Some ASU students celebrated their finals week cyber attacks on Facebook.

 

Most of the time, the DDoSer strikes at test time not to kill exams, but to exert power, he said.

“It’s a good time. It’s where it hurts,” said Gayer. “It really hurts and causes the most trouble.”

“Maybe he’s also frustrated socially with people, everybody prepping for midterms,” he added. “Now they’re upset. He has this power over them. He can hurt them.”

Coming from the inside

Students may have an edge over malicious hackers working from outside a university.

If you use a school network, you may have a good idea of which systems are most important or will cause the most frustration if they go down.

“Because it’s someone from the inside, they know where to attack,” Gayer said. “More of, ‘I know what services are sensitive. I know what websites are critical for registering for exams or getting your grades or whatever.’”

 

 

Under arrest?

Some students get caught.

A seventeen-year-old DDoSed a school district in Idaho in May 2015, law enforcement said, preventing some students from taking their end-of-the year tests.

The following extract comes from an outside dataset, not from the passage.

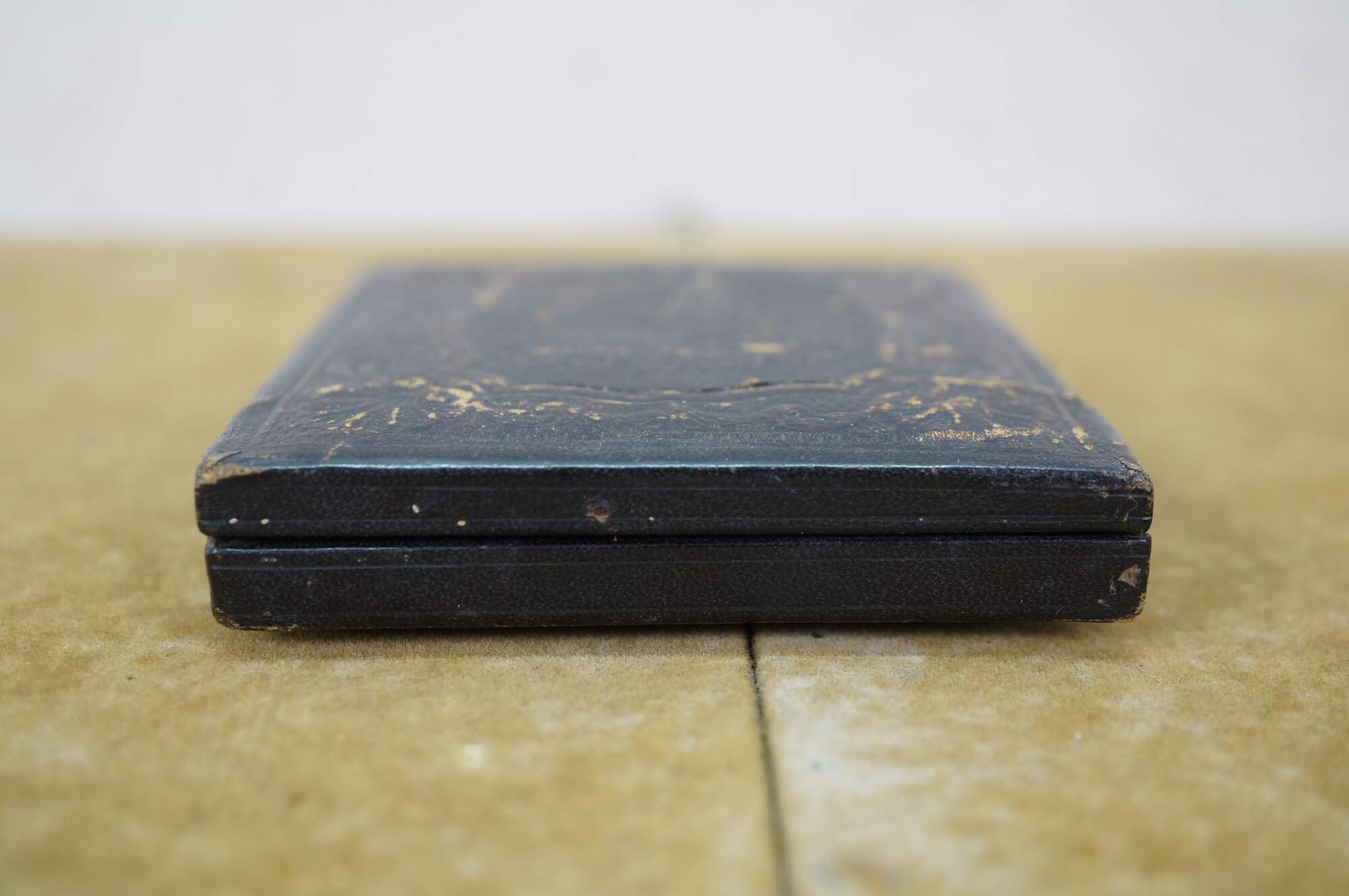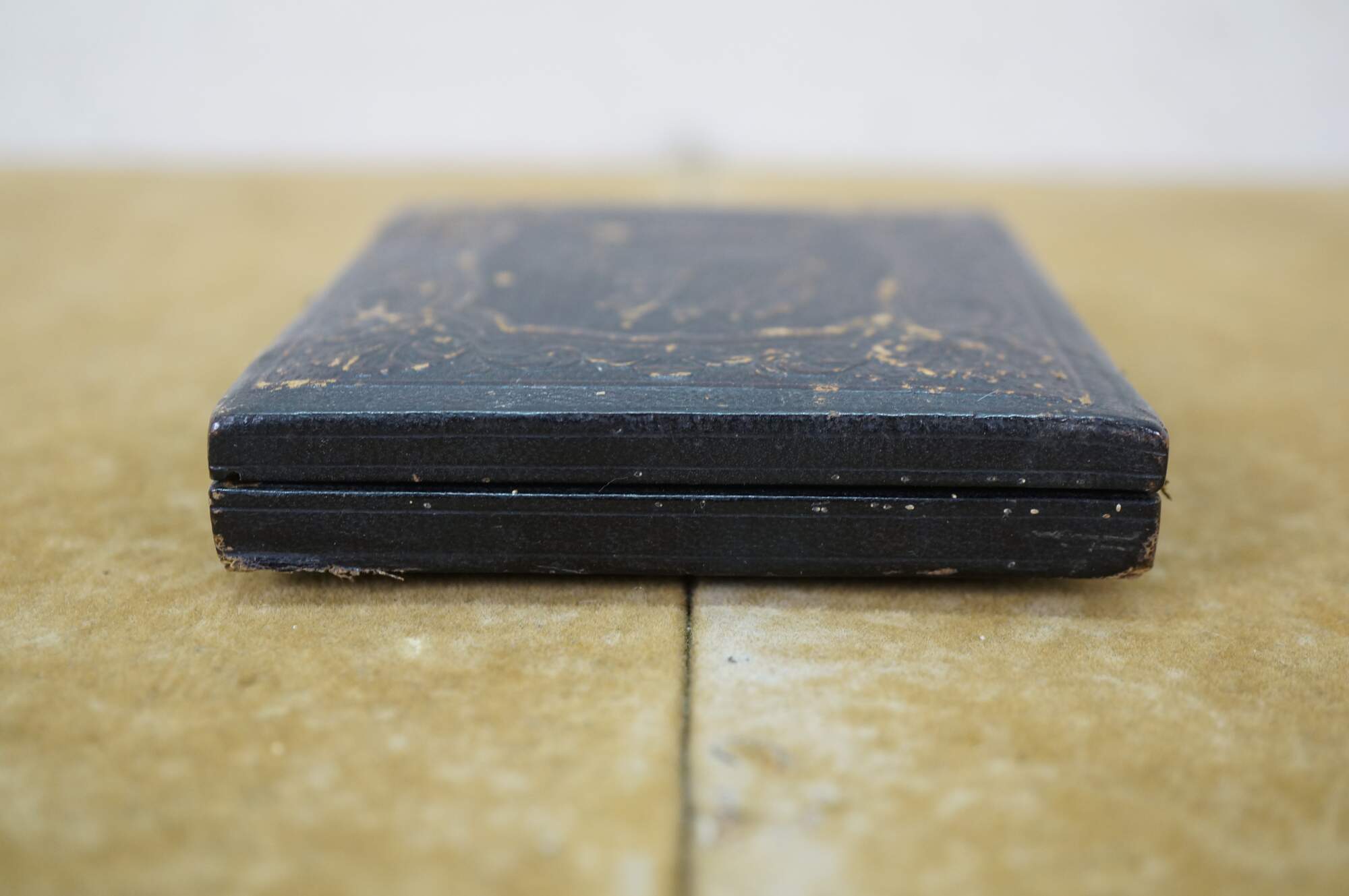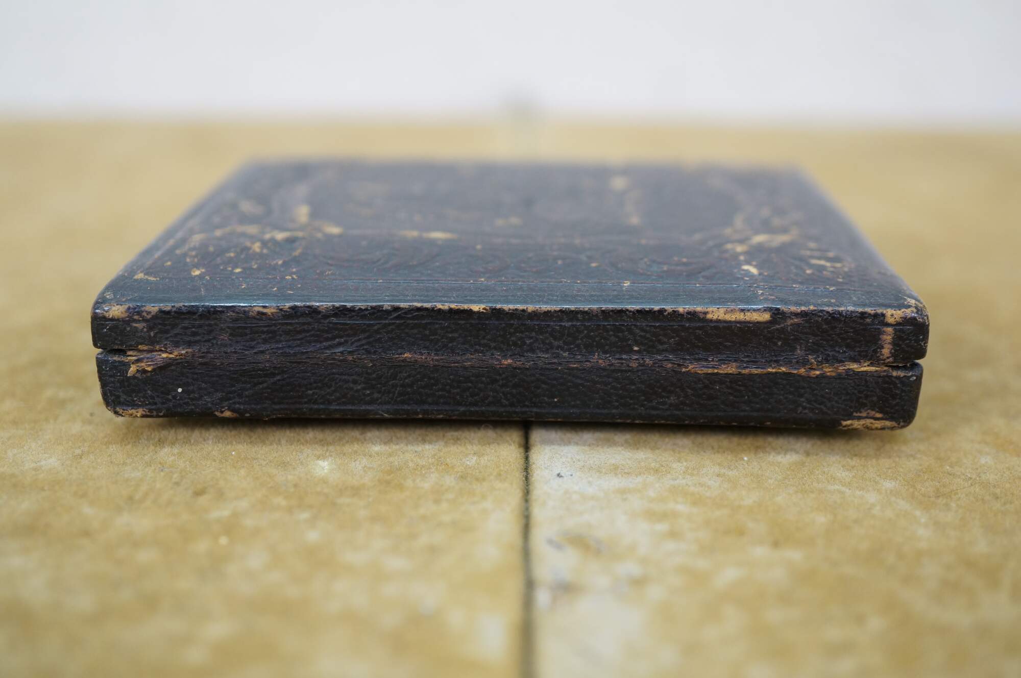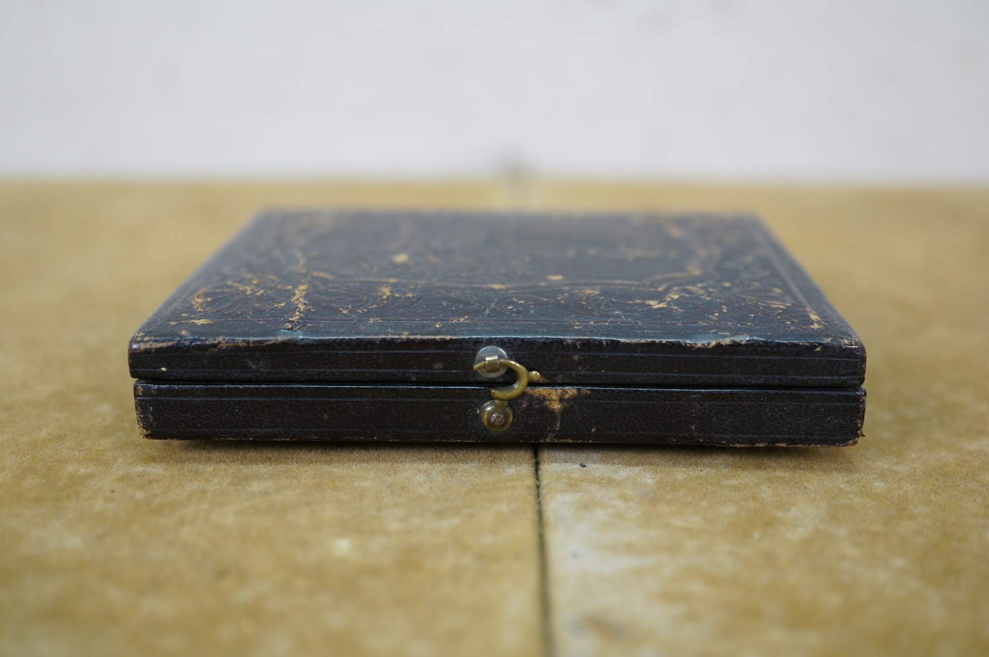 Antique, mid-1800s daguerreotype case, made of leather or gutta-percha, designed to hold an early photograph. The case features an ornate, embossed harp design on the cover. Daguerreotypes were the first commercially practical photographic process, popular from 1839 into the early 1860s. The cases were designed to protect the delicate image, which was made on a silver-coated copper plate.

An eighteen-year-old high school senior, Michaela Gabriella King, admitted she DDoSed more than a dozen school districts in Pennsylvania last year, according to police.

 

An excerpt from a Pittsburgh Tribune-Review story about student Michaela Gabriella King, who investigators said admitted to carrying out a DDoS attack on schools.

 

However, Gayer said it can be difficult to track down the culprits behind this kind of attack.

Former student Shandra told Archer News she did not know of any DDoS attacks against her school, or students who were involved.

But you might not know if your school was going through a small DDoS — you might just have troubling logging on for an hour or so.

And though the digital vandals are looking for attention, it’s not necessarily direct attention, according to Gayer.

“I want people I know to talk about what I do,” explained Gayer — but in stealth mode. “They don’t know it’s me.”

 

 

The final countdown

Schools are not a top target for off-campus cyber criminals.

By far, most DDoSers go after gaming sites, said cybersecurity company Akamai

But the number of education DDoS attacks in growing.

With finals next week for a number of schools around the country, from the University of Washington to Northwestern, you can be sure some students are already prepping for cyber vandalism.

Many will not succeed, if the colleges and universities have protection in place.

The Massachusetts Institute of Technology was hit by at least unsuccessful 35 DDoS attacks last year, Akamai reported.

 

MIT fought off at least 35 DDoS attacks last year, according to Akamai.

 

DDoSers tried to take down an unnamed university with a big attack on February 28 this year, Imperva said in a post.

But others will go down hard — systems simply not functional — just at the most crucial time of the year, according to Gayer.

He has advice for any students who wants to trade finals for flood attacks and dissertations for DDoSes.

“Be more social. Have better hobbies. It’s not worth the risk,” Gayer said. “Not worth the risk of being put in jail, so think about that. Really think about that.”